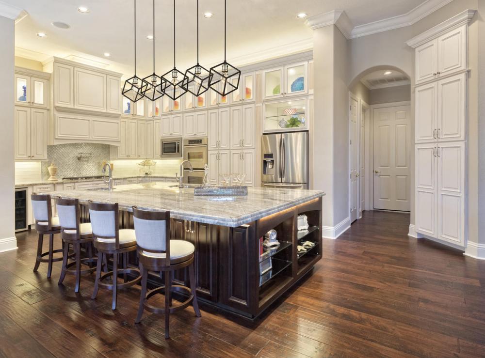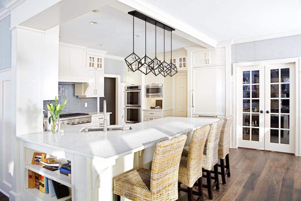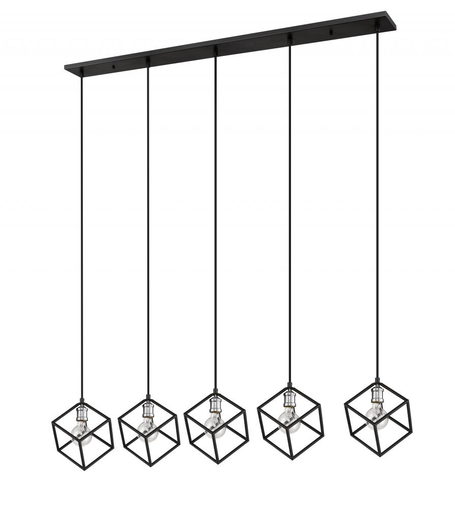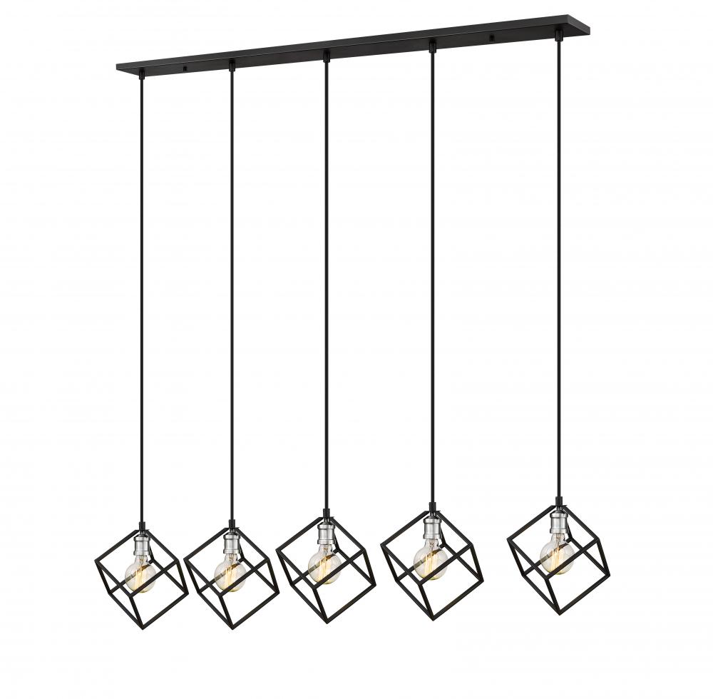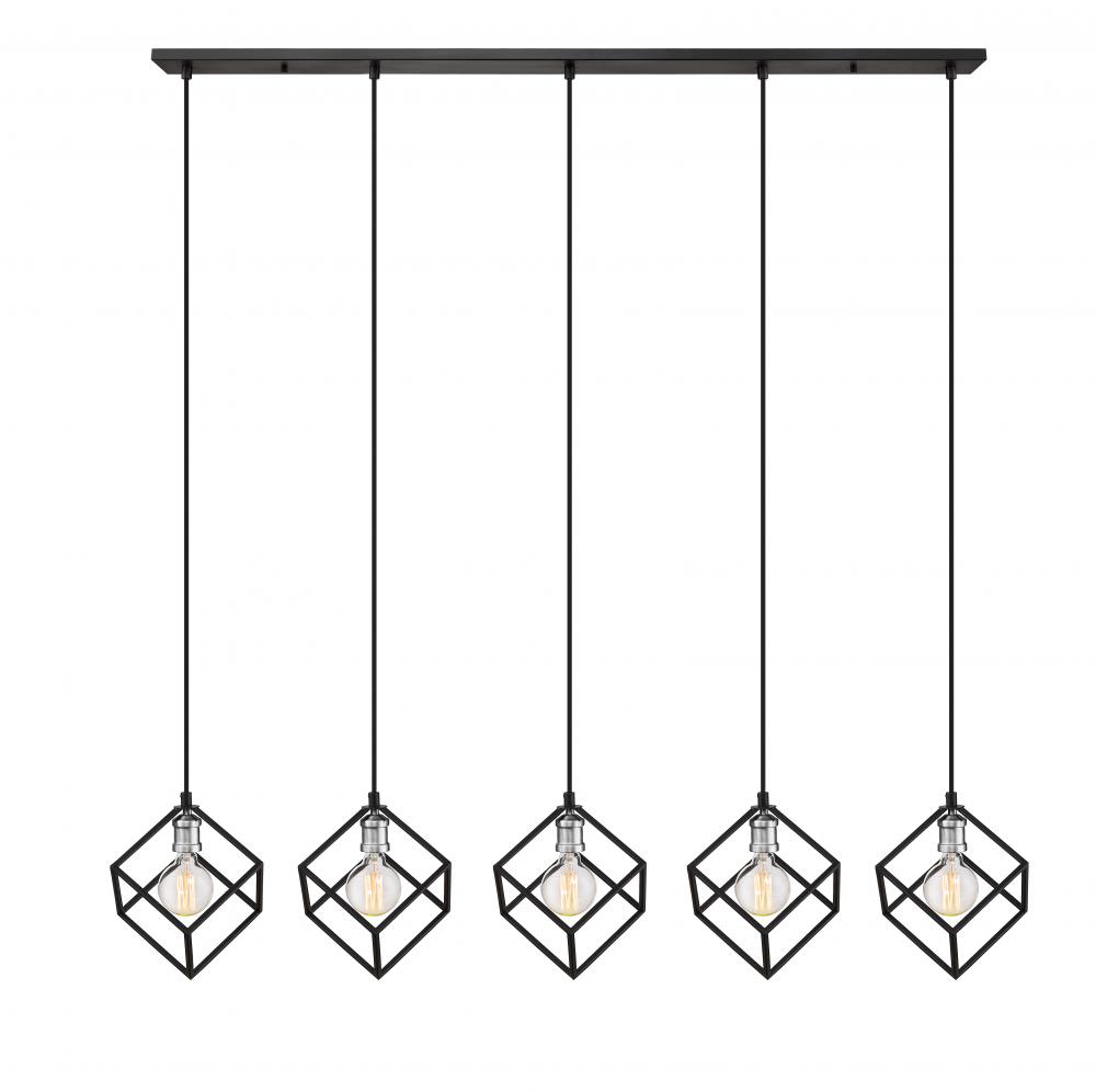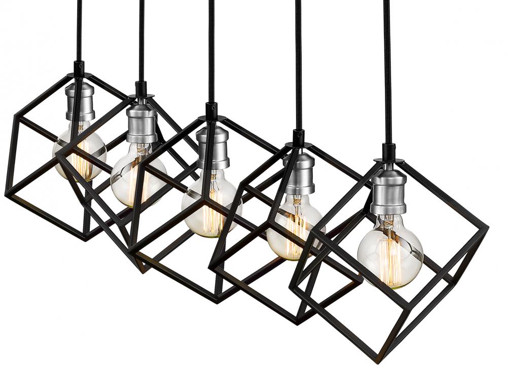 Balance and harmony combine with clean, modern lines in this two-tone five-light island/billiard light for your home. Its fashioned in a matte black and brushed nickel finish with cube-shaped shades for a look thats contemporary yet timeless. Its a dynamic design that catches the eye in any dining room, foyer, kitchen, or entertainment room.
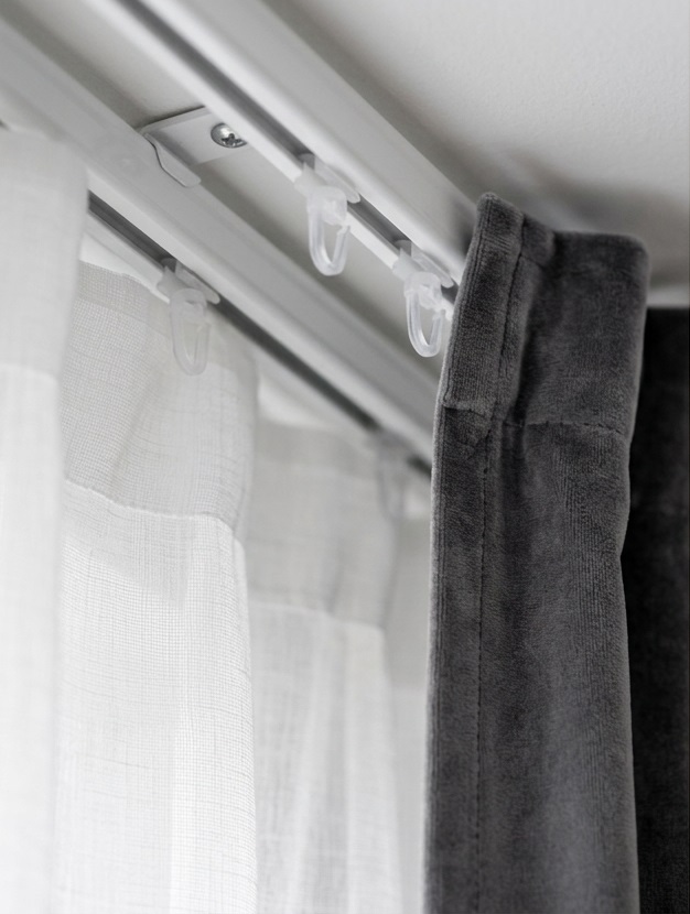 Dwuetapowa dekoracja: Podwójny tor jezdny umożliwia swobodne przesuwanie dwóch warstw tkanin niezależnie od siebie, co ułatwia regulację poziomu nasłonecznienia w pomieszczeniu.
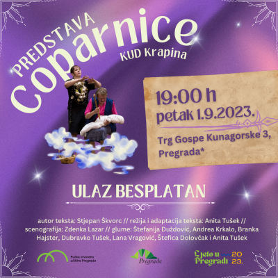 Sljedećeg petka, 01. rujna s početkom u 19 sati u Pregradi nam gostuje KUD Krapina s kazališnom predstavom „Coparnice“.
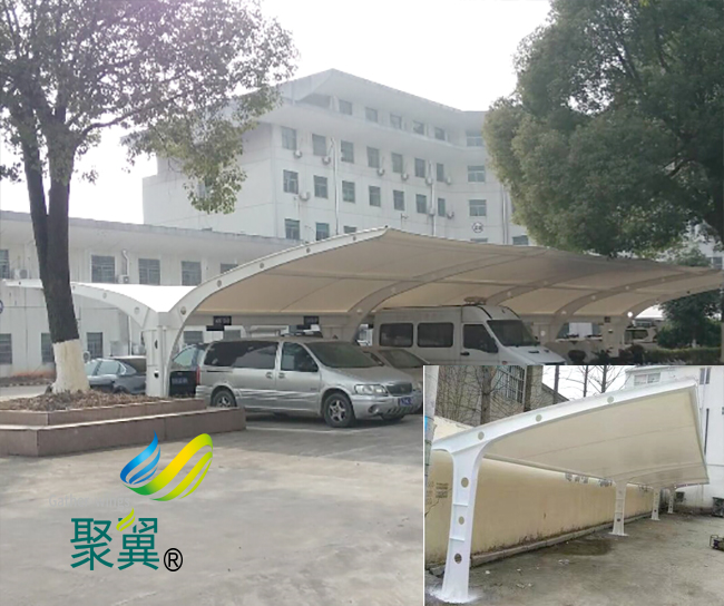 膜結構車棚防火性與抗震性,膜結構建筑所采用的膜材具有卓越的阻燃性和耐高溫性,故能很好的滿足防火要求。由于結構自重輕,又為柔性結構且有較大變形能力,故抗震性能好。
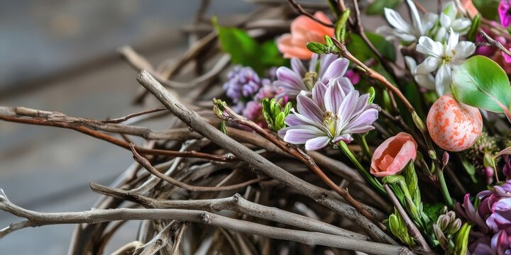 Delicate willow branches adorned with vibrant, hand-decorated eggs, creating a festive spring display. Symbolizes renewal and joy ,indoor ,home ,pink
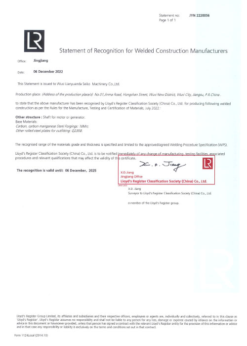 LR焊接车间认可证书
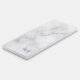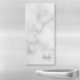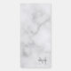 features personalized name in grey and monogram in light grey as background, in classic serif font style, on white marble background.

### Task directions
Beginning at the line containing "膜結構車棚防火性與抗震性,膜", restate every line through the end of the material above exactly; omit the pictures.

### Result
 膜結構車棚防火性與抗震性,膜結構建筑所采用的膜材具有卓越的阻燃性和耐高溫性,故能很好的滿足防火要求。由于結構自重輕,又為柔性結構且有較大變形能力,故抗震性能好。
 Delicate willow branches adorned with vibrant, hand-decorated eggs, creating a festive spring display. Symbolizes renewal and joy ,indoor ,home ,pink
 LR焊接车间认可证书
 features personalized name in grey and monogram in light grey as background, in classic serif font style, on white marble background.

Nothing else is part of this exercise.